◆ **Problem details**: Please transcribe exactly the lines from the first line of the records below through the line containing "Сущность и принципы построения", including both, and omit all pictures.

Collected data
────

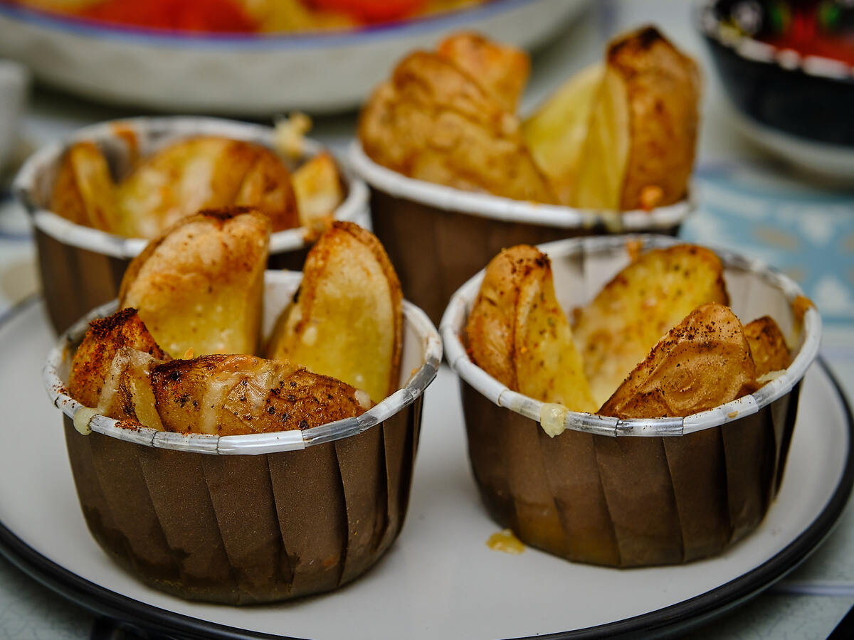 Мне безумно понравилась идея запекания картофеля в формочках по нескольким причинам. Во-первых, можно рассчитать по количеству гостей. Во-вторых, порция картофеля небольшая, можно легко избежать переедания, что особенно актуально за новогодний столом. Ингредиенты: Картофель Растительное масло Специи по вкусу Сыр Готовим: Картофель среднего размера хорошо вымыть, порезать на дольки. На этом этапе я обычно делаю заправку для картофеля из чеснока, растительного масла и любимых специй (соль, перец, паприка, травы). Хорошо обваливаю картофельные дольки в этом "маринаде". Выложить в каждую формочку дольки примерно по объёму одной, картофелины, 4-5 долек. Отправить запекать я в духовку до золотистой корочки. Сыр натереть на треке. Посыпать картофельные дольки и отправить на 5-7 минут, чтобы сыр расплавился. Подавать в формочках к любому виду мяча или рыбы, или в качестве основного блюда, дополнив различными соусами. Приятного аппетита! Другие рецепты кулинарного календаря смотри
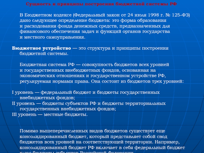 Сущность и принципы построения бюджетной системы РФ В Бюджетном кодексе (Федеральный закон от
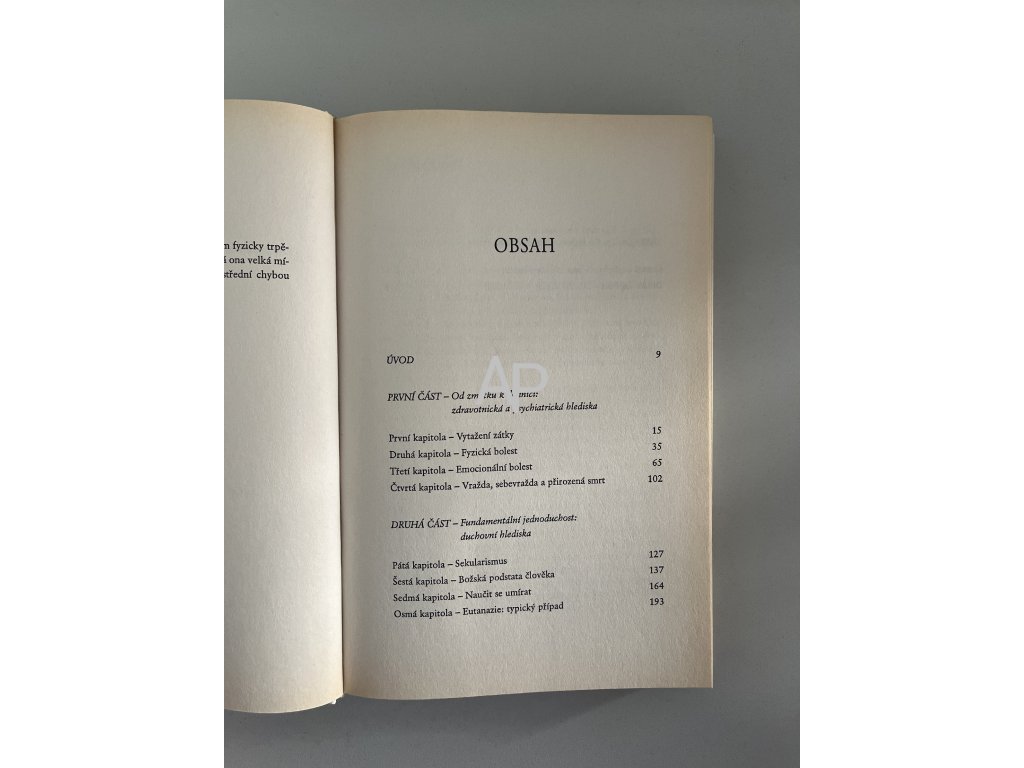 Studie amerického psychiatra a teologa o společenských (světských) a duchovních (náboženských) aspektech eutanazie. Autor jako lékař psychiatr a teolog má za léta praxe dostatek profesionálních zkušeností, aby přispěl do stále otevřenější debaty o eutanazii, a aby pohled na tuto složitou otázku rozšířil o další dosud opomíjená hlediska. V první části této studie pojednává o otázkách bolesti a smrti převážně z medicínského hlediska. Ve druhé, nejzávažnější části, se věnuje především duchovním a etickým otázkám volby mezi přirozenou smrtí a vyžádanou eutanazií. Tady objasňuje i název a záměr této studie. Na závěr se zabývá právními a sociálními hledisky eutanazie. Není to kniha depresivní o smutku a bolesti, naopak je to kniha o hledání, o soucitu a osobním duchovním růstu.
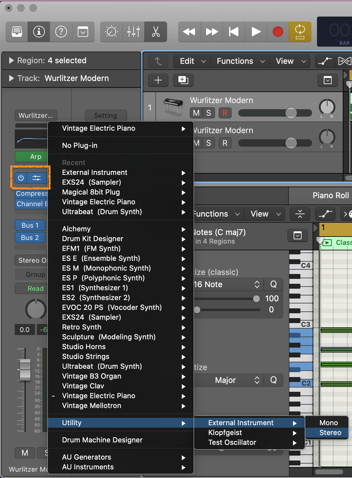 원본 트랙을 클릭한 상태에서 왼쪽의 인스펙터(Inspector) 창을 보면 가상악기를 설정하는 부분이 있는데 (주황색 박스) 이 부분을 클릭하고 악기를 [Utility] > [External Instrument(Stereo)] 로 변경합니다.
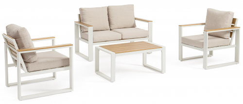 Комплект лаунж мебели Leandro — превосходный спутник для создания незабываемых моментов на свежем воздухе или в уютном уголке дома. Каждый элемент комплекта Leandro создан с любовью к деталям и акцентом на высокое качество. Алюминиевая конструкция с порошковым покрытием не только гарантирует долговечность и стойкость к капризам погоды, но и придает мебели современный и утонченный вид, который легко впишется в любой ландшафтный дизайн. Вставки из древесно-полимерного композита (ДПК) на подлокотниках, спинке дивана и кресел, а также на столешнице создают гармонию с природой, добавляя теплоты и текстуры.
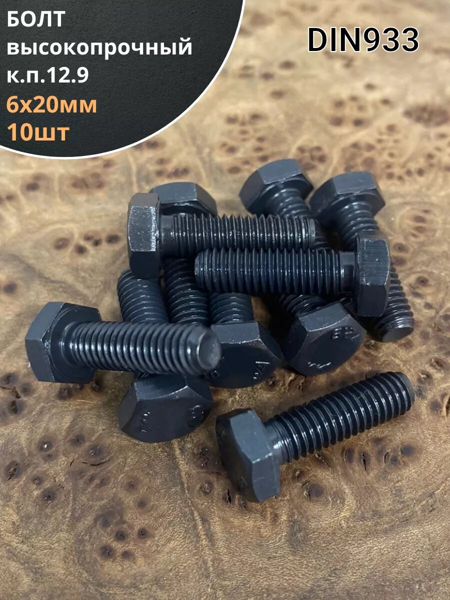 Болт М6х20 мм, DIN933, высокопрочный к.п. 12.9, 10шт. информация:
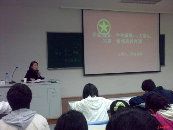 张虹老师先给大家介绍了感恩节的由来和感恩节的意义。之后张老师以一些生动真实的例子,讲述社会上的令人触目惊心的人们不懂感恩的事例,让大家受益匪浅。接着,张老师分析了当代大学生缺乏感恩意识的原因:家庭教育的缺失,学校教育的缺失,社会教育的缺失,社会教育的缺失,学生自我教育的缺失。最后,张老师对所有同学提出殷切的期望,要大家从身边小事做起,学会感恩,特别是要去孝敬自己的父母。要求每一位同学给父母发一条短信,表达对他们的爱,课堂气氛十分活跃。

────

◆ **Exercise answer**:
 Мне безумно понравилась идея запекания картофеля в формочках по нескольким причинам. Во-первых, можно рассчитать по количеству гостей. Во-вторых, порция картофеля небольшая, можно легко избежать переедания, что особенно актуально за новогодний столом. Ингредиенты: Картофель Растительное масло Специи по вкусу Сыр Готовим: Картофель среднего размера хорошо вымыть, порезать на дольки. На этом этапе я обычно делаю заправку для картофеля из чеснока, растительного масла и любимых специй (соль, перец, паприка, травы). Хорошо обваливаю картофельные дольки в этом "маринаде". Выложить в каждую формочку дольки примерно по объёму одной, картофелины, 4-5 долек. Отправить запекать я в духовку до золотистой корочки. Сыр натереть на треке. Посыпать картофельные дольки и отправить на 5-7 минут, чтобы сыр расплавился. Подавать в формочках к любому виду мяча или рыбы, или в качестве основного блюда, дополнив различными соусами. Приятного аппетита! Другие рецепты кулинарного календаря смотри
 Сущность и принципы построения бюджетной системы РФ В Бюджетном кодексе (Федеральный закон от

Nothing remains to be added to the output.